6.12.3 Second, the elevation of an Election Commissioner should be on the basis of seniority, unless the three-member collegium/committee, for reasons to be recorded in writing, finds such Commissioner unfit.
6.12.4 Such amendments are in consonance with the appointment process in Lokpal and Lokayuktas Act, 2013, the Right to Information Act, 2005 and the Central Vigilance Commission Act, 2003.
6.12.5 Pursuant to Article 324(2), an amendment can be brought to the existing Election Commission (Conditions of Service of Election Commissioners and Transaction of Business) Act, 1991 to amend the title and insert a new Chapter 1A on the appointment of Election Commissioners and the CEC.
In regard to the aspect about the permanent and independent Secretariat of the Election Commission of India, it was noticed that to give effect to the Goswami Committee recommendation, the Constitution Seventieth Amendment Bill, 1990 was introduced on 30.05.1990 and that it was subsequently withdrawn in 1993 in view of the changed composition of the Election Commission of India, on it becoming a multi-Member Body pursuant to the 1991 Act and on the ground that the Bill needed some amendments.

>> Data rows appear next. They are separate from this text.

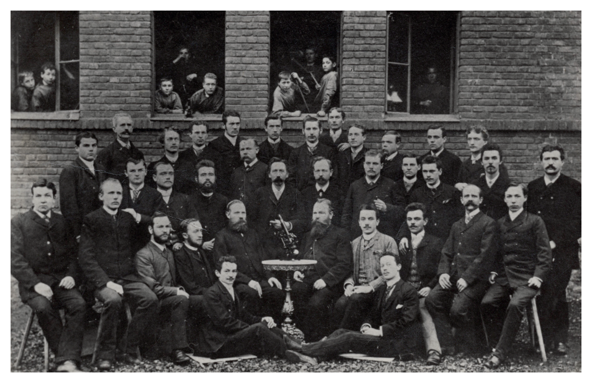
Employees of the Seibert Company around 1892

The property belongs to the Lahn Dill Kreis since 1975. The factory buildings located behind were at last used by the Leitz Company and torn down 1977.
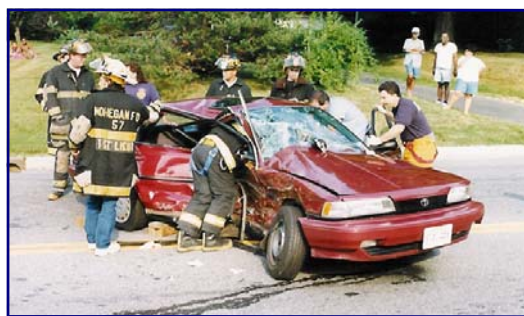
... at an Auto Accident
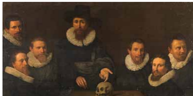
Figure 4. The anatomy lesson of Dr. Johan Fonteijn. Painting by Nicolaes Elias, 1625/26. Amsterdam Historical Museum.

The Bill, however, the Law Commission noticed, was never introduced. Thereafter, the Law Commission referred to the recommendations of the Election Commission itself for seeking appointment of an independent Secretariat. The Law Commission, accordingly, recommended insertion of Article 324(2A), inter alia, providing for a separate, independent and permanent secretarial staff for the Election Commission.
In the year 2016, the following proposed electoral reforms essentially related to Article 324(5), being proposals made by the Election Commission itself.
“Clause (5) of Article 324 of the Constitution provides that the Chief Election Commissioner shall not be removed from his office except in the same manner and on the same grounds as a Judge of the Supreme Court. The Chief Election Commissioner and the two Election Commissioners enjoy the same decision making powers which is suggestive of the fact that their powers are at par with each other.
However, Clause (5) of Article 324 of the Constitution does not provide similar protection to the Election Commissioners and it merely says that they cannot be removed from office except on the recommendation of the Chief Election Commissioner. The reason for giving protection to a Chief Election Commissioner as enjoyed by a Supreme Court Judge in matters of removability from office was in order to ensure the independence of Commission from external pulls and pressure. However, the rationale behind not affording similar protection to other Election Commissioners is not explicable.
The element of ‘independence’ sought to be achieved under the Constitution is not exclusively for an individual alone but for the whole institution. Thus, the independence of the Commission can only be strengthened if the Election Commissioners are also provided with the same protection as that of the Chief Election Commissioner. Proposed amendment The present constitutional guarantee is inadequate and requires an amendment to provide the same protection and safeguard in the matter of removability of Election Commissioners as is available to the Chief Election Commissioner.”
In 2023, in the case of Anoop Baranwal v. UOI, the Supreme court of India finally pronounced an historic decision when it changed the procedure of the appointment of Election Commissioner of India and held that ECI shall be appointed by a committee consisting of Prime minister of India, Leader of Opposition, and Chief Justice of India.